The next speaker, Labor Council secretary Michael Costa, received a muted welcome, interspersed with booing. He spouted a lot of left rhetoric, including threatening to "call a general strike, if that's what it takes", but limited his criticism of the Carr government's attack on workers' compensation to its failure to consult with the union leaderships about the content of the attack.

With unabashed hypocrisy, Costa congratulated the CFMEU and those present on going ahead with the rally and march, and urged them to "continue the struggle".

A 20,000-signature petition calling for the draft legislation to be scrapped was presented to ALP MLC Ian West, before CFMEU construction division national secretary John Sutton addressed the crowd.

After the lukewarm reception given to most of the speakers, the very supportive response to the last speaker, former rigger Todd Philcott, who lost a leg many years ago while he was a safety representative in the industry, reflected the disgruntlement that many workers feel with, not only politicians, but also their union officials.

Philcott described horrific workplace accidents he had witnessed 25 years ago and stated that safety conditions are no better today.
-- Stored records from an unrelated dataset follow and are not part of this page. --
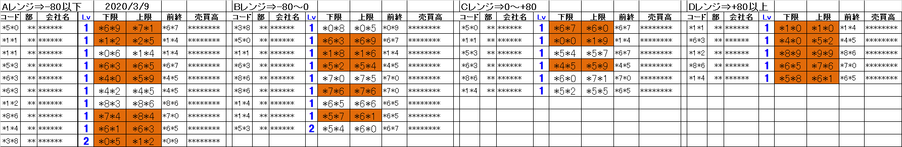 2020/3/9(月曜日)のシステムトレードの仕掛候補一覧はこんな感じです。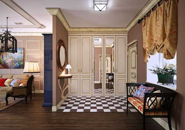 Характерные для прованса пастельные тона и яркое освещение – то, что нужно для скромного коридорчика в квартире. Настоящим украшением прихожей станет белая деревянная вешалка с крючками для верхней одежды и обувной тумбой. Если позволяет площадь, возможны также узкий гардеробный шкаф и встроенное зеркало. Верхнее пространство есть смысл оборудовать под антресоль, укомплектовав полку выдвижными корзинами, ящиками либо закрывающимися дверцами.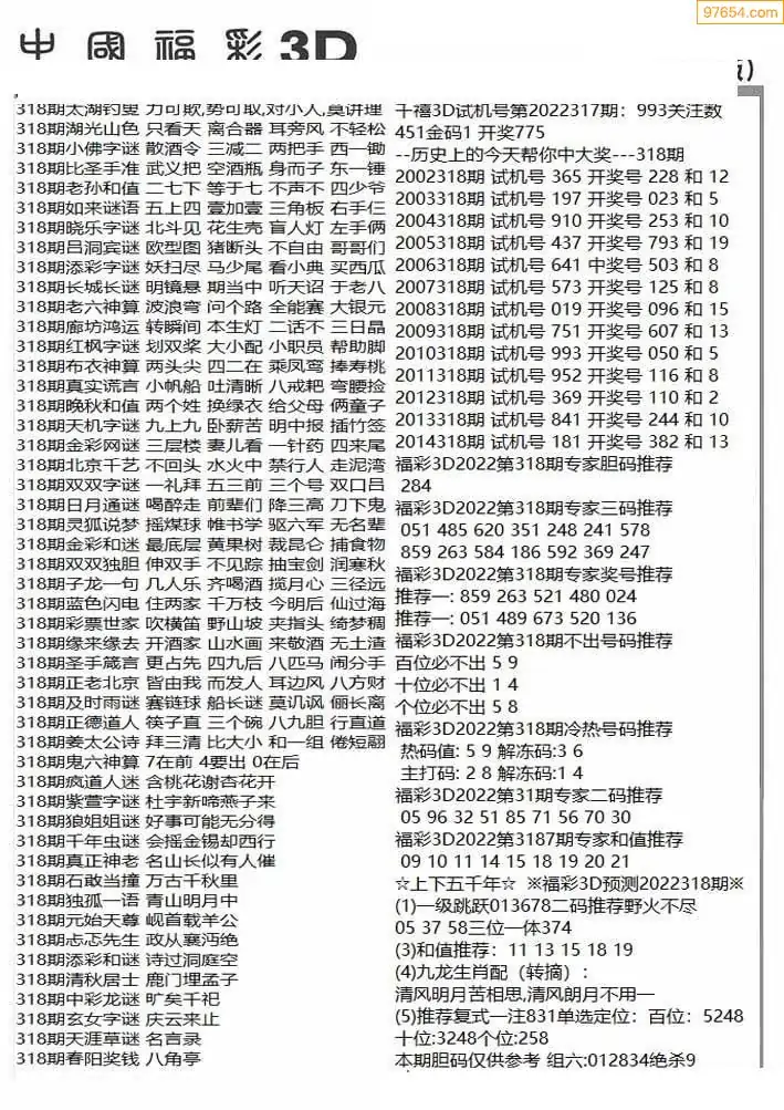 25年318期财神说彩3D综合图(原创)
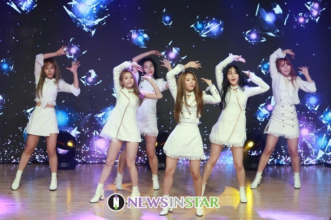 24일 오전 서울시 강남구 청담동 일지아트홀에서 신인 걸그룹 아리아즈(ARIAZ)의 첫번째 미니앨범 '그랜드 오페라' 발매 기념 쇼케이스가 열려 타이틀곡 '까만 밤의 아리아' 무대를 선보이고 있다.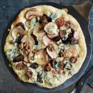 On a lightly floured surface, roll out half of the dough into a 10-inch (25-cm) round. Prick the dough all over with a fork. Transfer the dough to a floured pizza peel. Brush the dough with olive oil and top with half each of the pear, figs and blue cheese, leaving a 1/2-inch (12-mm) border uncovered.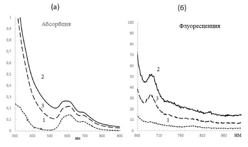 Рис. 4. Спектры абсорбции (а) и флуоресценции (б): фталоцианина (1) и модифицированных полимеров А15 (2) и А25 (3)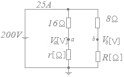 図の直流回路において,200[V]の直流電源から流れ出る電流が25[A]である。16[Ω]とr[Ω]の抵抗の接続点aの電位をVa[V],8[Ω]とR[Ω]の抵抗の接続点bの電位をVb[V]とする。Va=Vbとなるr[Ω]とR[Ω]の値の組合せとして,正しいものを次の(1)〜(5)のうちから一つ選べ。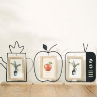リンゴ、テレビ、ジョーロをモチーフにした、ほっこりするデザインのアイアンフォトフ…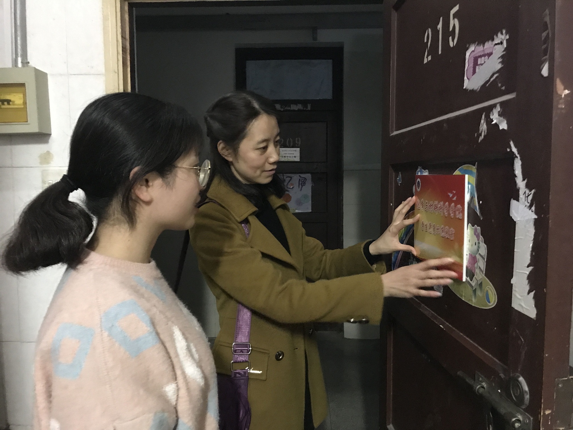 会后,院党委副书记余妍霞、各学生党支部书记及全体专兼职辅导员一同深入学生宿舍,为全体非毕业班党员寝室进行了“挂牌”,将“党员示范宿舍”和“党员示范床铺”标识牌粘贴在显著位置,激发学生党员争先创优的进取精神,扎实推进学生党建进宿舍工作。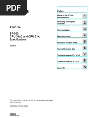 Cpu 313c 2 dp 6es7313 6cg04 0ab0 v33 cpu 314c 2 ptp 6es7314 6bh04 0ab0 v33 cpu 314c 2 dp 6es7314 6ch04 0ab0 v33 cpu 314c 2 pndp cpu 31xc 6es7314 6eh04 0ab0 v33. Cpu 312 312c 313c 313c 2 dp 313c 2 ptp 314 314c 2 dp 314c 2 ptp 315 2 dp 317 2 dp increase main memory x 1 x x x x x 1 x x x 1 x. Functions of a cpu 31xc 3 memory conception 4 cycle and response times 5 technical data of cpus 31xc 6 technical data of the integrated io 7 migration from cpu 31x to cpu 31xc 8 glossary 9 index simatic s7 300 programmable controller cpu specifications cpus 312c to 314c 2dpptp reference manual this manual is part of the documentation package.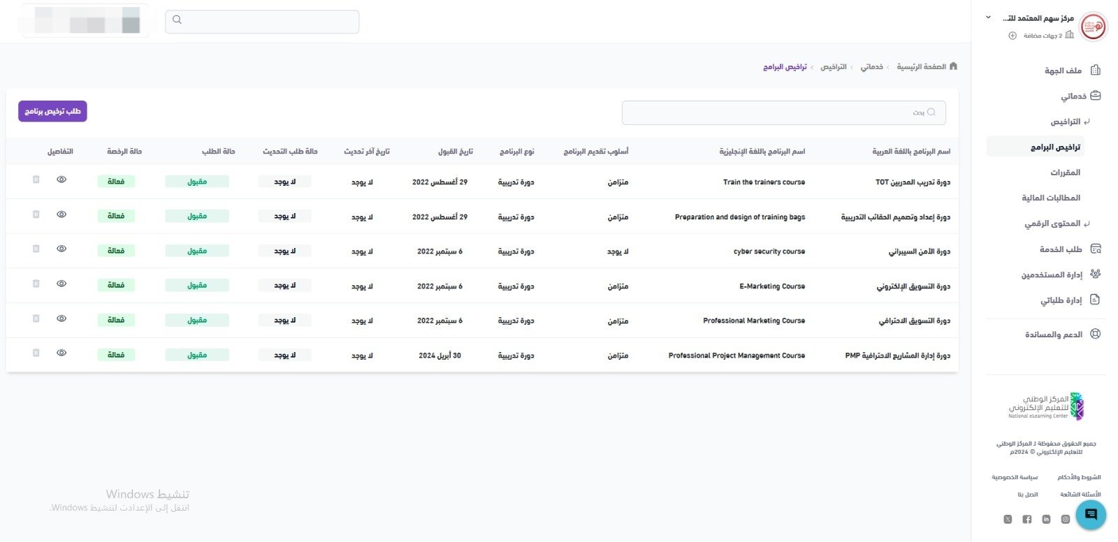- رخصة برنامج (دورة تدريب المدربين TOT)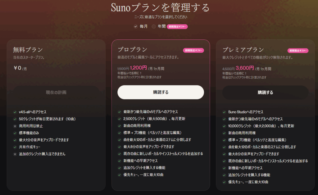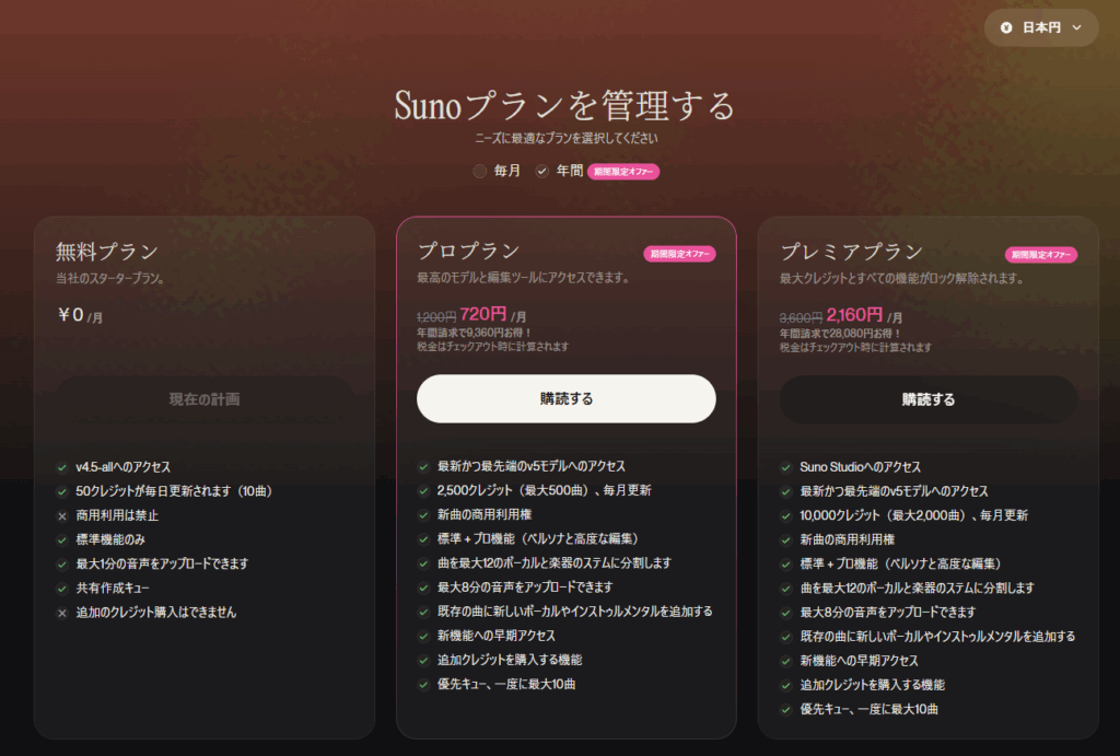 私はSuno Proを8,640円で年契約しました。

Two Sydney construction workers have been killed on the job in the last fortnight alone. He finished up by spelling out what none of the officials had mentioned: that since all of the employers' profits are created by the workers, the employers, not workers, should pay when workers are injured or killed. We need a world which puts "people before profits, workers before profits", he declared.

If one thing was clear by the end of the rally, it was that the Labor Council's defeatist strategy of shifting this fight away from industrial action and public demonstrations to an "independent" inquiry and behind-closed-doors negotiations is out of sync with the desires of many trade unionists.